吉野川市で飲酒運転の車がミニバイクの男性をはねる事故が起き、車に徳島中央広域連合東消防署(吉野川市)の男性消防士(23)が同乗していたことが20日、分かった。県警は運転していた20代男性を道交法違反(酒気帯び運転)の疑いで調べるとともに、飲酒運転と知りながら同乗したとして同法違反(酒気帯び運転同乗)の疑いで消防士からも事情を聴いている。

 県警や広域連合などによると、事故は15日午前4時ごろ、吉野川市川島町学の国道で発生。新聞配達員の男性(48)がミニバイクで東に向かっていたところ、後方から走ってきたワゴン車にはねられた。配達員の男性は頭部裂傷や全身打撲などのけがを負った。

 阿波吉野川署員がワゴン車を運転していた男性を飲酒検知し、酒気帯びと分かった。
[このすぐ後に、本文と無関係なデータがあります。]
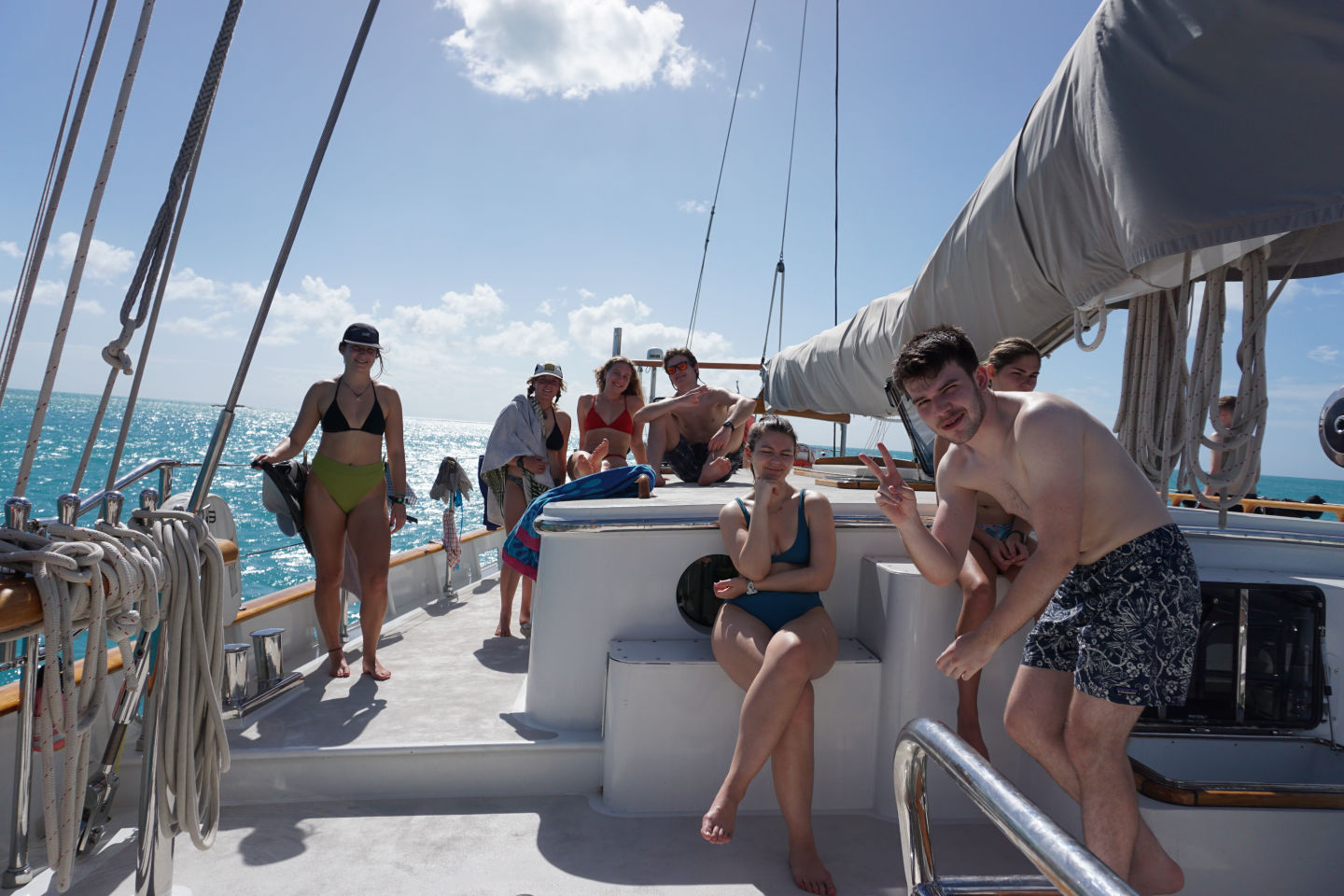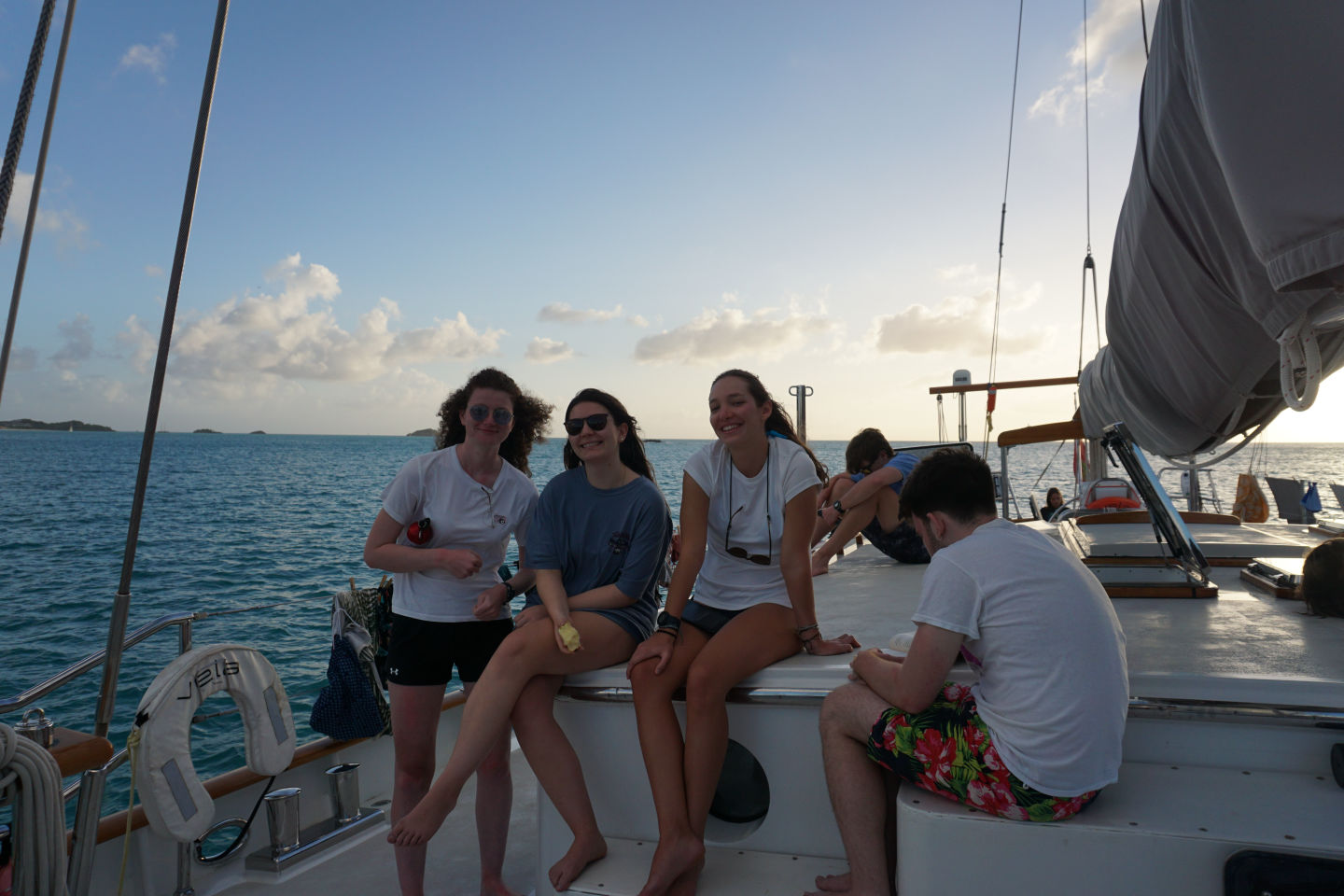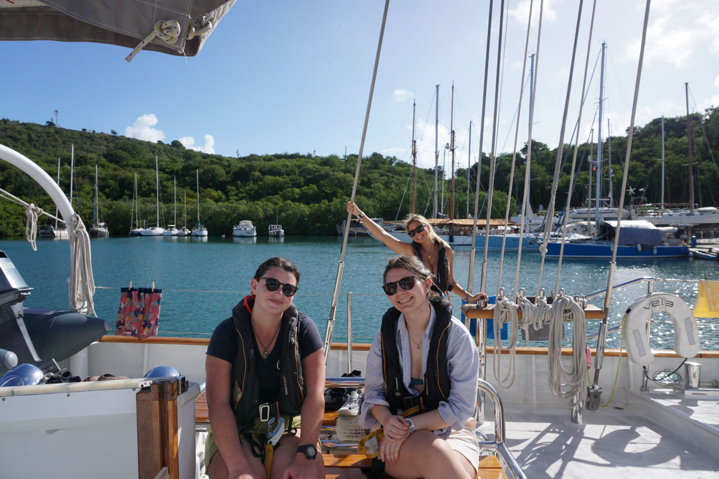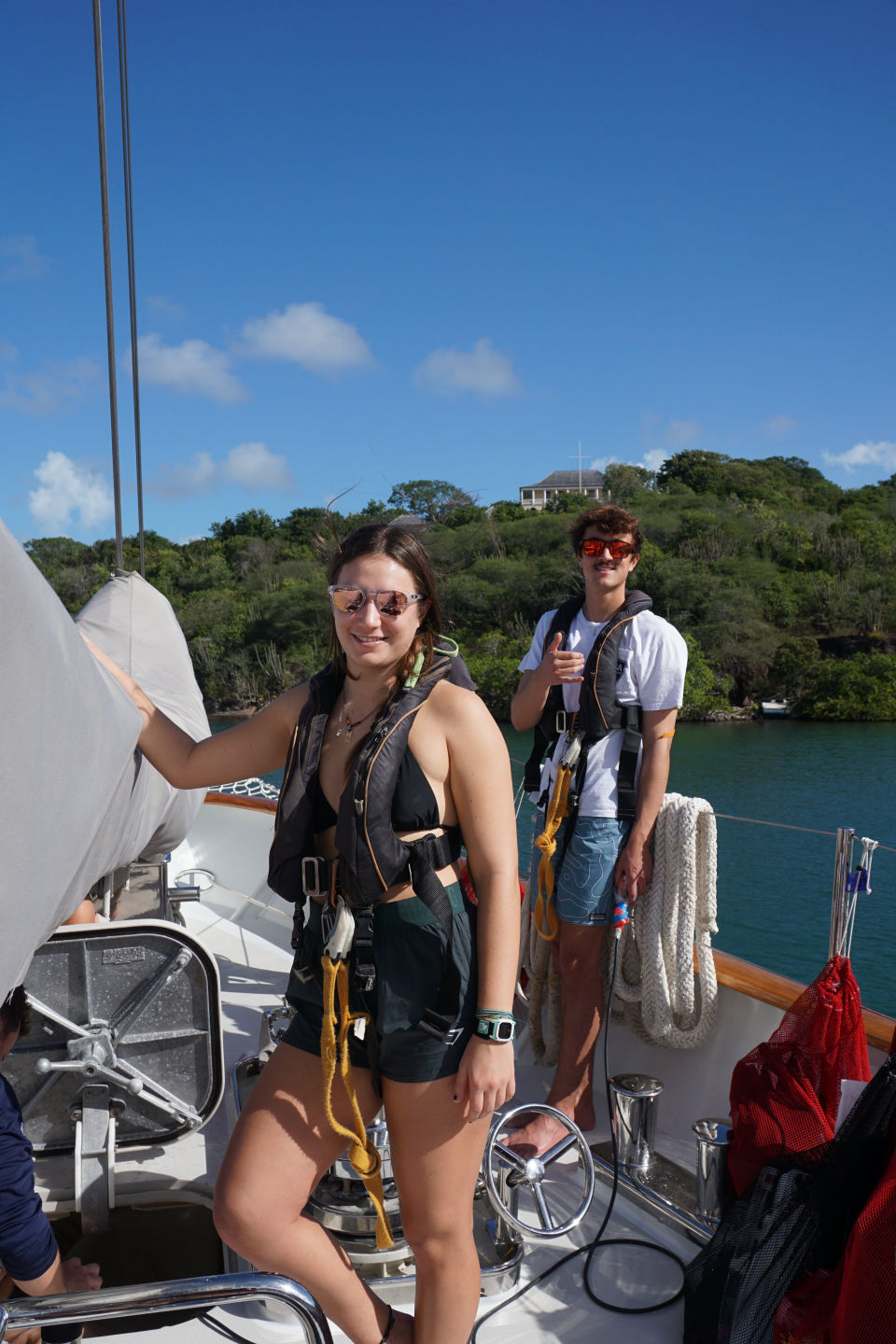 Today was finally the day we set sail out of English harbor for the first time and hit the water after a nice breakfast of croissants and pain au chocolats. It was a real mood lightener (if that’s a word) to get out of the harbor and out to sea as it made the journey and adventure we are about to experience all the more real. While sailing, we saw hundreds of flying fish shoot out of the water, shimmering against the sun-reflecting waves. Then those needing to get qualified for their open water PADI sat in the galley studying away while those who already qualified, including me, got to soak up the rays and chill listening to an envious class below :). After the first set of videos and learning was done, it was time for a quick lunch after arriving at Pinching Bay near Five islands. Then the unqualified group got to jump off the boat for the first time and swam around while the qualified group prepared to have a ‘refresher’ dive, which went anything but what the name suggests. 8 of us got ready to get in with our gear, and 5 of us didn’t even manage to make it under. Carnage. Clara lost her mask when jumping off the boat into the water (luckily, we had a spare), and some of us didn’t manage to deflate our BCDs to get under. I got a few mouthfuls of seawater from my regulator during our equipment check at the surface, to which Allie then checked and so suffered the same fate I did. Luckily, my alternate was working fine, and I was ready to go. Those who did manage to make it under Miles, Ben, and Fargo found that the visibility was about as good as being in a huge sandstorm, so they couldn’t see each other or anything well enough to perform their skills. Before those of us at the surface made additional attempts to descend, they came up to tell us that the visibility wasn’t clear blue as the water at the surface suggested. A few minutes later, the dive was aborted as we’d all rather dive with good visibility to see all of the cool animals the Caribbean has to offer. We all took ourselves out of the water sheepishly after looking like the pros all day.

車の助手席に消防士、後部座席には友人男性1人の計3人が乗り、全員が酒を飲んでいたとみられる。

 広域連合は消防士を自宅待機とし、月内をめどに処分する。広域連合によると、事故当日、消防士は休みで、前日夜から美馬市の飲食店で飲酒していたという。

 西岡史郎消防長は「消防職員としてあるまじき行為で、多大な迷惑を掛けて申し訳ない。厳正に処分するとともに服務規律の徹底に努める」とコメントした。